One-Step Sampler for Boltzmann Distributions via Drifting
This addresses the computational bottleneck of iterative sampling for Boltzmann distributions in physics and machine learning, though it appears incremental as it builds on existing drifting and score-based methods.
The paper tackles the problem of amortized sampling from Boltzmann distributions with unknown normalization constants by developing a drifting-based framework that trains a one-step neural generator. The method achieves mean error 0.0754, covariance error 0.0425, and RBF MMD 0.0020 on a Gaussian-mixture target, demonstrating effective single-pass sampling.

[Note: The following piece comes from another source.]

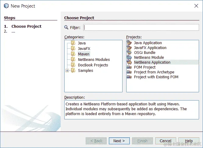 您如何创建 NetBeans RCP 项目将对项目的其余部分的处理方式产生非常基本的影响。默认情况下,NetBeans 使用 Ant 作为所有 RCP 应用程序的构建系统。几乎所有来自 NetBeans 项目的在线文档和 NetBeans 传道者的博客条目也经常反映了这种偏好。我们一直在使用 Maven 进行其他项目,这里也不会改变。幸运的是,NetBeans 确实允许我们使用 Maven 创建 RCP 项目,这就是我们要做的。
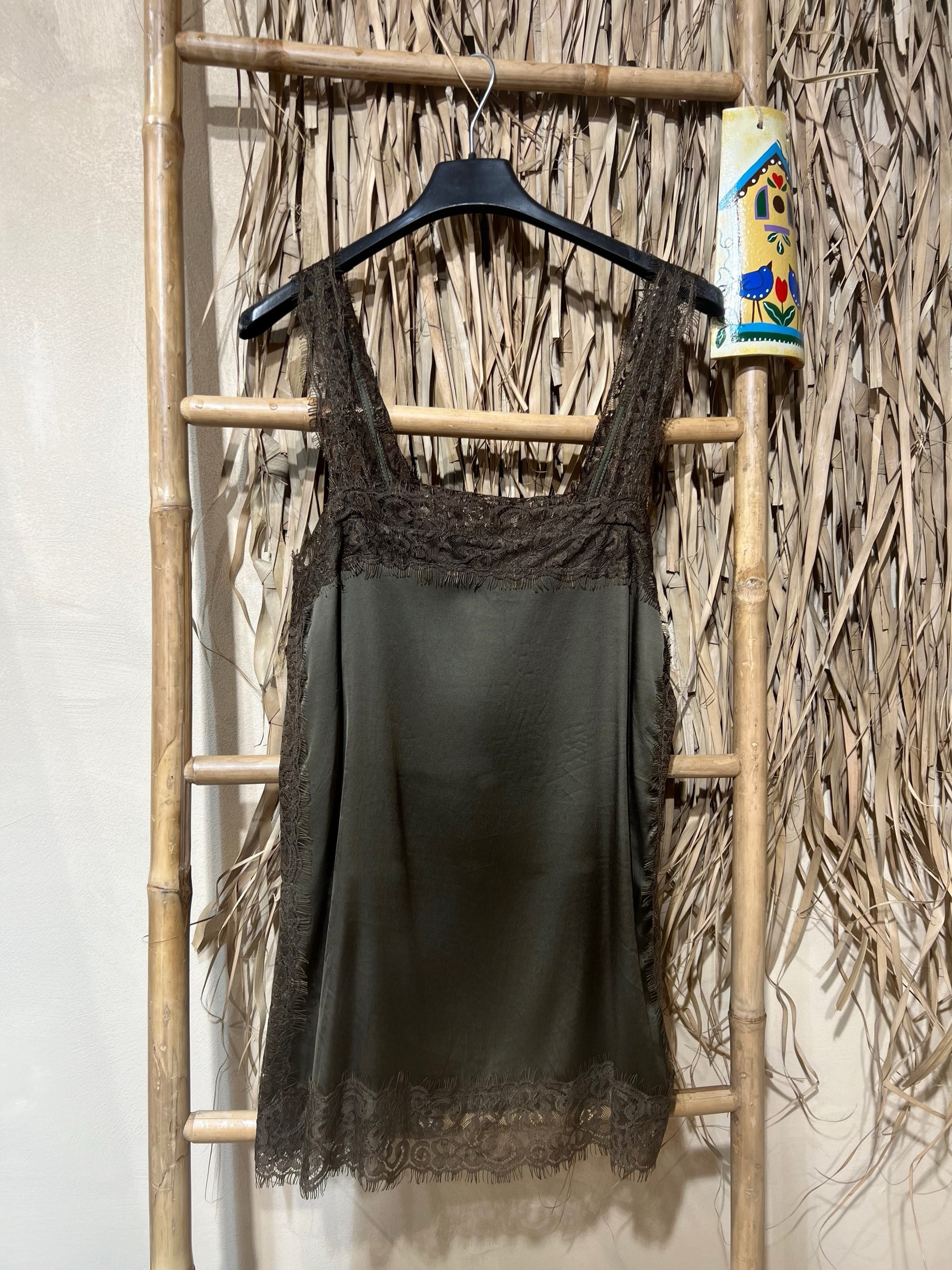 Ce débardeur satiné est délicatement bordé de dentelle fine sur l’encolure et l’ourlet, apportant une touche féminine et lumineuse sous un pull, une veste ou porté seul en superposition.

We present a drifting-based framework for amortized sampling of Boltzmann distributions defined by energy functions. The method trains a one-step neural generator by projecting samples along a Gaussian-smoothed score field from the current model distribution toward the target Boltzmann distribution. For targets specified only up to an unknown normalization constant, we derive a practical target-side drift from a smoothed energy and use two estimators: a local importance-sampling mean-shift estimator and a second-order curvature-corrected approximation. Combined with a mini-batch Gaussian mean-shift estimate of the sampler-side smoothed score, this yields a simple stop-gradient objective for stable one-step training. On a four-mode Gaussian-mixture Boltzmann target, our sampler achieves mean error $0.0754$, covariance error $0.0425$, and RBF MMD $0.0020$. Additional double-well and banana targets show that the same formulation also handles nonconvex and curved low-energy geometries. Overall, the results support drifting as an effective way to amortize iterative sampling from Boltzmann distributions into a single forward pass at test time.